Today, graduation rates and placement figures are available through a search portal at the TWC website. Before the 2011 reforms, several schools were accused of falsifying employment figures, even going so far as to create phony companies that they claimed graduates were working for.
The Texas Workforce Commission’s staff of auditors include contractor Frank Hammack, who helps police the state’s for-profit colleges. Hammack’s former employer is ATI, where he worked as director of compliance from 2008 to 2011. During two of those years, the school was alleged to have falsified its records.
Hammack also worked for the TWC division overseeing for-profit schools at least a year before moving to ATI.
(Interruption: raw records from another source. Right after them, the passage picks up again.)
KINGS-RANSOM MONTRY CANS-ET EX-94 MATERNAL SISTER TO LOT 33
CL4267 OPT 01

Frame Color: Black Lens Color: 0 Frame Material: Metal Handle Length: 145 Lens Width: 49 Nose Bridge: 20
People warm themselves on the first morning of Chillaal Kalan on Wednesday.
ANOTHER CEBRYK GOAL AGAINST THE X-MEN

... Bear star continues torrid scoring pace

TWC’s job “is to protect students and businesses in Texas,” former agency spokeswoman Ann Hatchitt said in an interview in 2010, when career colleges in Texas were being investigated by the federal government.
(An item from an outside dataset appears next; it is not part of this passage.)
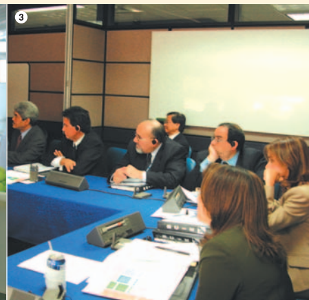
① Local women being provided with vegetable-growing instructions by a technical mission expert in Kiribati ② The Panama Food Processing Project ③ The Central America SME Policy Seminar

She said TWC is there to support employers, including the for-profit college industry.
In fact, Texas is one of the few states where federal prosecutors closed schools in the face of inaction or sluggish regulation by the state.
“The state gets involved after it becomes apparent the federal agency is going to get serious about enforcement or an action,” said a former employee of American Commercial Colleges. “Otherwise the state does nothing to regulate the schools.”
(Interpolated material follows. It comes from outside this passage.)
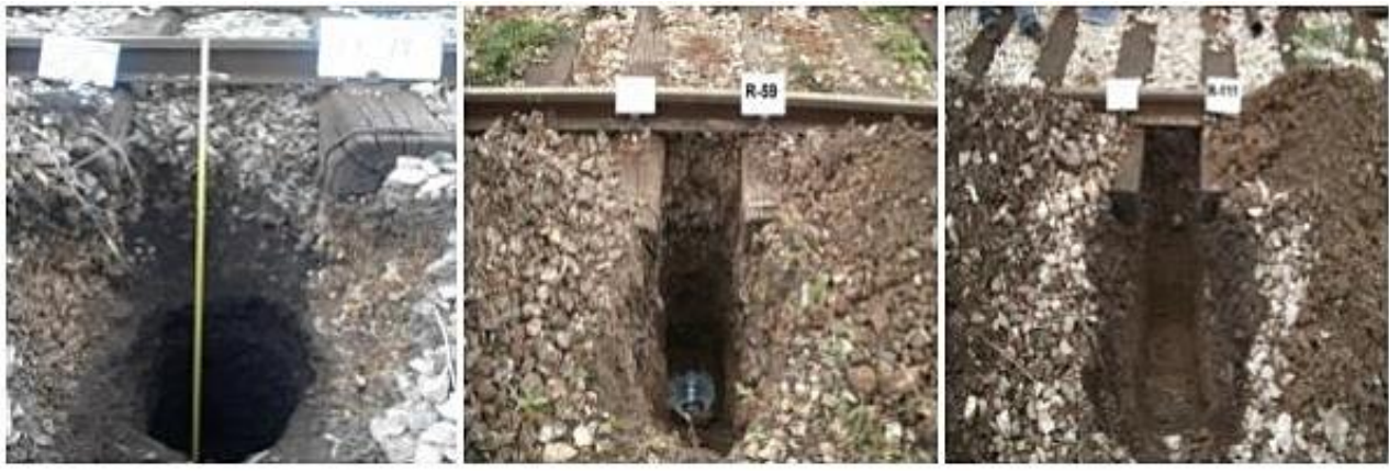
Figure 2: Characteristic trial pits along the research section of the railway route, corridor V.

Materials that build an embankment along the vertical, ie superstructure and foundation of the railway, were established in exploratory trial pits, figure 2, and have characteristics given in the table 2 [5,6,7,8].

Although newspapers reported in 2012 that ATI would close all its Texas campuses, at least one Metroplex location with ties to ATI continues to enroll students and receive federal loan money.
“They make a big deal when they claim to close down these schools, but pretty soon they are up and operating again, sometimes with the same people, sometimes with different people,” said Harry Shulman of San Francisco, one of the few lawyers across the country who still handle cases of aggrieved students who feel fleeced by the for-profit education sector.
The state, meanwhile, doesn’t list ATI among the schools closed over the years by the TWC. The last school the state closed, according to its website, was Career Academy of Texas in Grapevine. Like most of the for-profit operations, the academy promised to help students obtain funding assistance from a number of sources, including the Texas Workforce Commission itself, the very agency charged with policing it.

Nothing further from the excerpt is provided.